Metadata-Version: 2.1
Name: img2dataset
Version: 1.1.1
Summary: Easily turn a set of image urls to an image dataset
Home-page: https://github.com/rom1504/img2dataset
Author: Romain Beaumont
Author-email: romain.rom1@gmail.com
License: MIT
Description: # img2dataset
        [![pypi](https://img.shields.io/pypi/v/img2dataset.svg)](https://pypi.python.org/pypi/img2dataset)
        [![Open In Colab](https://colab.research.google.com/assets/colab-badge.svg)](https://colab.research.google.com/github/rom1504/img2dataset/blob/master/notebook/img2dataset_getting_started.ipynb)

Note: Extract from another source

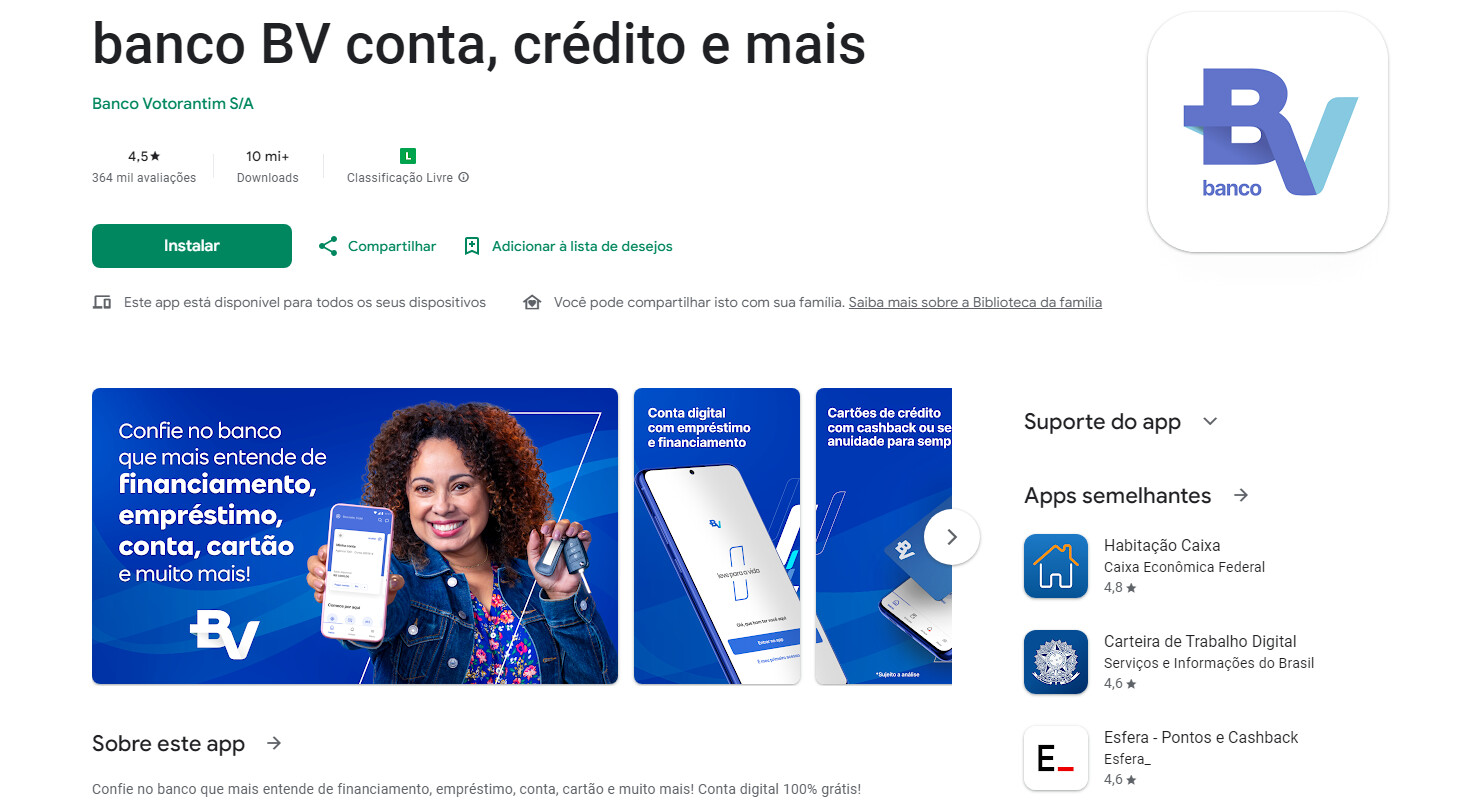 Abrir uma conta no Banco BV é super simples. Primeiro, você precisa baixar o app do Banco BV no seu celular, disponível tanto para Android quanto para iOS .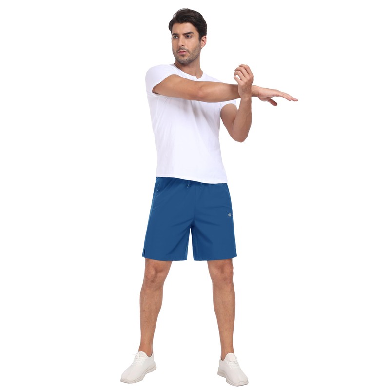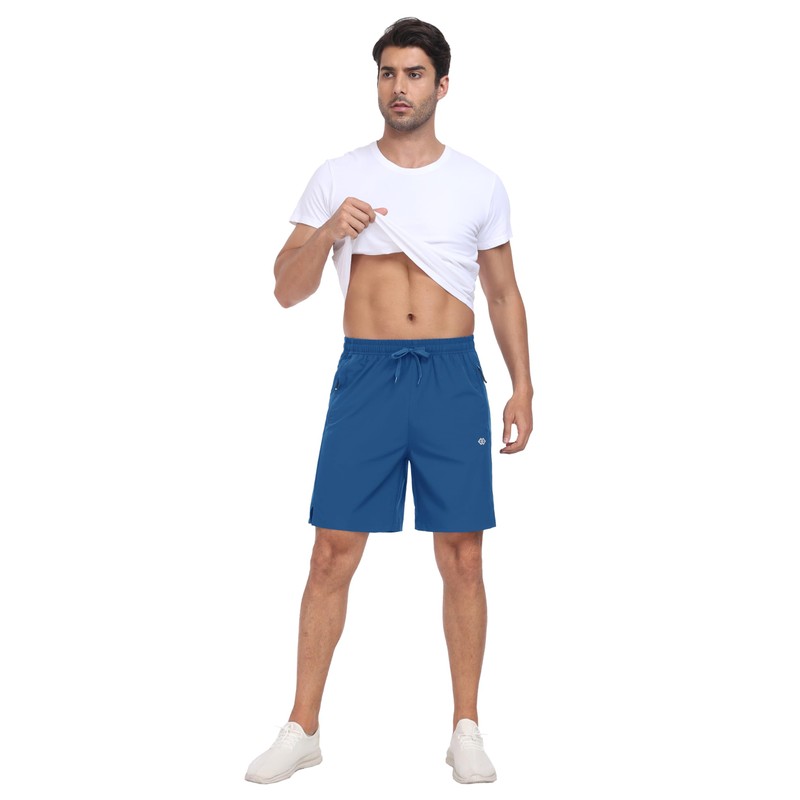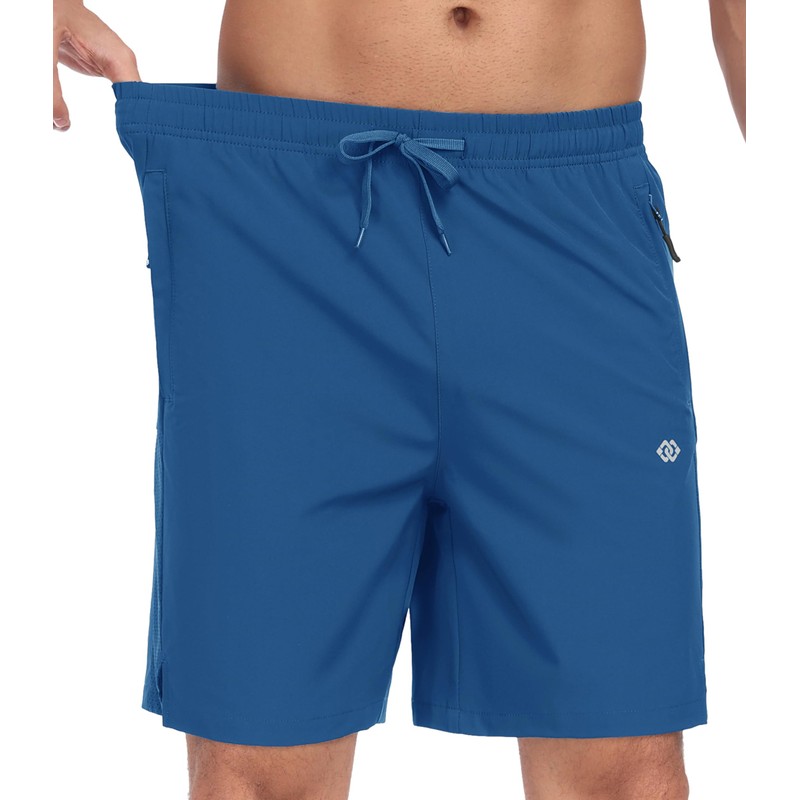MoFiz Men's Athletic Short with Zipper Pocket Gym Exercise Training Jogger Outdoor Hiking Running Short Blue,XL

        [![Try it on gitpod](https://img.shields.io/badge/try-on%20gitpod-brightgreen.svg)](https://gitpod.io/#https://github.com/rom1504/img2dataset)
        
        Easily turn a set of image urls to an image dataset
        
        ## Install
        
        pip install img2dataset
        
        ## Usage
        
        First get some image url list. For example:
        ```
        echo 'https://placekitten.com/200/305' >> myimglist.txt
        echo 'https://placekitten.com/200/304' >> myimglist.txt
        echo 'https://placekitten.com/200/303' >> myimglist.txt
        ```
        
        Then, run the tool:
        
        ```
        img2dataset --url_list=myimglist.txt --output_folder=output_folder --thread_count=64 --image_size=256
        ```
        
        The tool will then automatically download the urls, resize them, and store them with that format:
        * output_folder
            * 0
                * 0.jpg
                * 1.jpg
                * 2.jpg
        
        with each number being the position in the list. The subfolders avoids having too many files in a single folder.
        
        This can then easily be fed into machine learning training or any other use case.
        
        ## API
        
        This module exposes a single function `download` which takes the same arguments as the command line tool:
        
        * url_list A file with the list of url of images to download, one by line (required)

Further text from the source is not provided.